Work item
You are asked to reproduce the listing exactly and to omit its pictures.

Dataset section

- - - - - - -

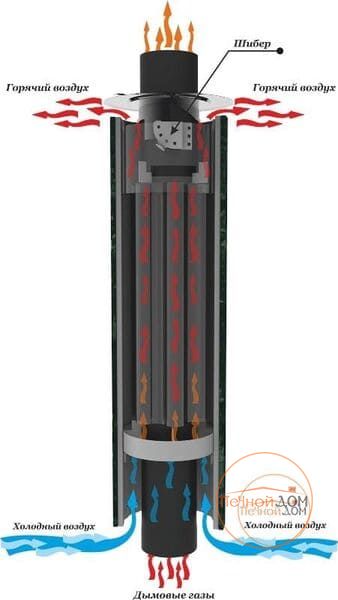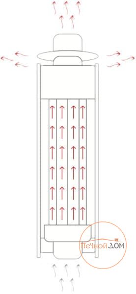 Дымоход "Конвектор" от Vöhringer устанавливается на стартовый участок печи и предназначен для повышения КПД печи за счет конвекции воздуха в помещении. Теплопередача осуществляется через ребра конвекции за счет циркуляции воздуха. Встроенные каналы распределяют потоки воздуха, забирают холодный воздух в нижней части дымохода, нагревают его и передают нагретый воздух в помещение.
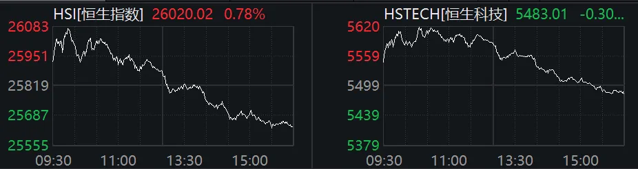 今日港股市场冲高回落,恒生指数收跌0.71%,报25635.23点;恒生科技指数微跌0.30%,报5483.01点;恒生中国企业指数微跌0.26%,报8891.71点。市场成交额2245.08亿港元。恒生指数成分股中,京东健康下跌3.42%,长和下跌3.35%,比亚迪股份上涨3.74%,吉利汽车上涨3.43%。恒生科技指数成分股中,地平线机器人-W下跌3.20%,美的集团下跌3.05%,蔚来-SW上涨4.89%,小鹏汽车-W上涨3.88%。
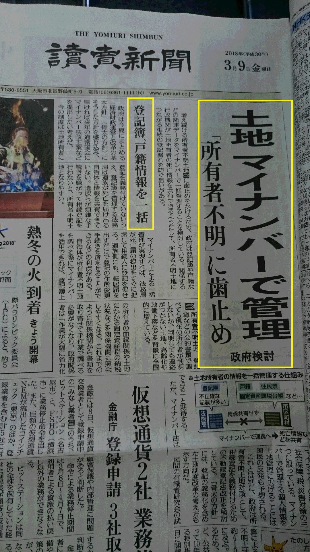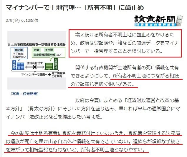 それならば、来日外国人や帰化人にマイナンバーを振って、日本の土地が不正に取得されないよう、

- - - - - - -

Task result
 Дымоход "Конвектор" от Vöhringer устанавливается на стартовый участок печи и предназначен для повышения КПД печи за счет конвекции воздуха в помещении. Теплопередача осуществляется через ребра конвекции за счет циркуляции воздуха. Встроенные каналы распределяют потоки воздуха, забирают холодный воздух в нижней части дымохода, нагревают его и передают нагретый воздух в помещение.
 今日港股市场冲高回落,恒生指数收跌0.71%,报25635.23点;恒生科技指数微跌0.30%,报5483.01点;恒生中国企业指数微跌0.26%,报8891.71点。市场成交额2245.08亿港元。恒生指数成分股中,京东健康下跌3.42%,长和下跌3.35%,比亚迪股份上涨3.74%,吉利汽车上涨3.43%。恒生科技指数成分股中,地平线机器人-W下跌3.20%,美的集团下跌3.05%,蔚来-SW上涨4.89%,小鹏汽车-W上涨3.88%。
 それならば、来日外国人や帰化人にマイナンバーを振って、日本の土地が不正に取得されないよう、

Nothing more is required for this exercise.